Closed djjudas21 closed 1 year ago
Upgraded to v1.22.3, but no change
jonathan@kube03:~$ microk8s disable dns
Addon dns is already disabled.
jonathan@kube03:~$ microk8s enable dns
Traceback (most recent call last):
File "/snap/microk8s/2645/scripts/wrappers/enable.py", line 43, in <module>
enable(prog_name="microk8s enable")
File "/snap/microk8s/2645/usr/lib/python3/dist-packages/click/core.py", line 722, in __call__
return self.main(*args, **kwargs)
File "/snap/microk8s/2645/usr/lib/python3/dist-packages/click/core.py", line 697, in main
rv = self.invoke(ctx)
File "/snap/microk8s/2645/usr/lib/python3/dist-packages/click/core.py", line 895, in invoke
return ctx.invoke(self.callback, **ctx.params)
File "/snap/microk8s/2645/usr/lib/python3/dist-packages/click/core.py", line 535, in invoke
return callback(*args, **kwargs)
File "/snap/microk8s/2645/scripts/wrappers/enable.py", line 36, in enable
enabled_addons, _ = get_status(get_available_addons(get_current_arch()), True)

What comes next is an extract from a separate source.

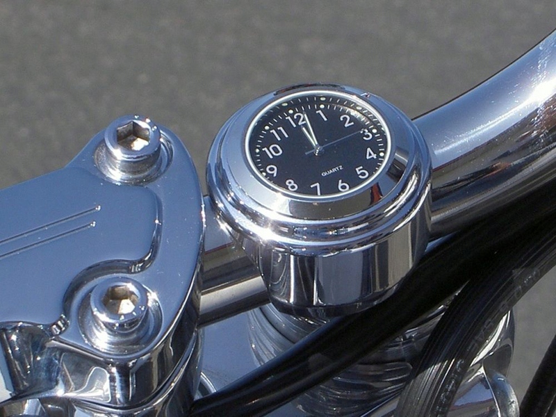 Элегантные хромированные часы подходят практически к любому рулю. В комплект входит шестигранный ключ для установки и резиновая лента для руля.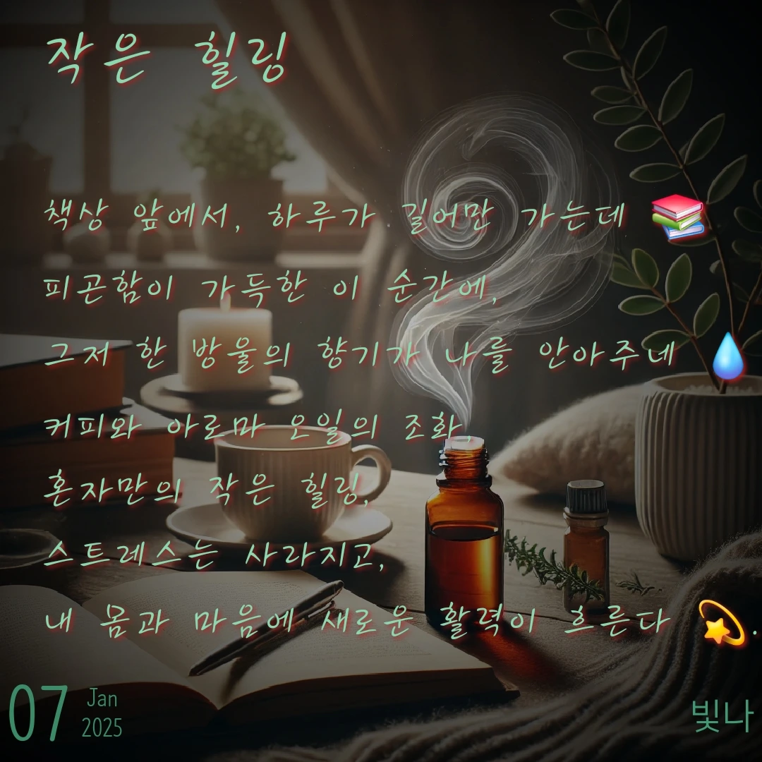 예린: "커피 향과 오일향의 조화라니, 왠지 오묘한 향기 테라피가 될지도 몰라!"

File "/snap/microk8s/2645/scripts/wrappers/status.py", line 157, in get_status
kube_output = kubectl_get("all")
File "/snap/microk8s/2645/scripts/wrappers/common/utils.py", line 169, in kubectl_get
return run("kubectl", kubeconfig, "get", cmd, "--all-namespaces", die=False)
File "/snap/microk8s/2645/scripts/wrappers/common/utils.py", line 39, in run
result.check_returncode()
File "/snap/microk8s/2645/usr/lib/python3.6/subprocess.py", line 389, in check_returncode
self.stderr)
subprocess.CalledProcessError: Command '('kubectl', '--kubeconfig=/var/snap/microk8s/2645/credentials/client.config', 'get', 'all', '--all-namespaces')' returned non-zero exit status 1.
I'm having the exact same problem. I have a 5 node cluster with ha, ingress, and dns addons enabled. I have snap configured on my nodes to only refresh on the last Friday of the month. Was on v1.21.5 (Rev 2546), then snap updated to v1.21.7 (Rev 2694) 2 days ago and broke everything. Having the same issue with the coredns deployment as described by @djjudas21 I've tried a snap revert back to v1.21.5 (Rev 2546) but still having cluster wide issues even after reverting back to what was a working revision.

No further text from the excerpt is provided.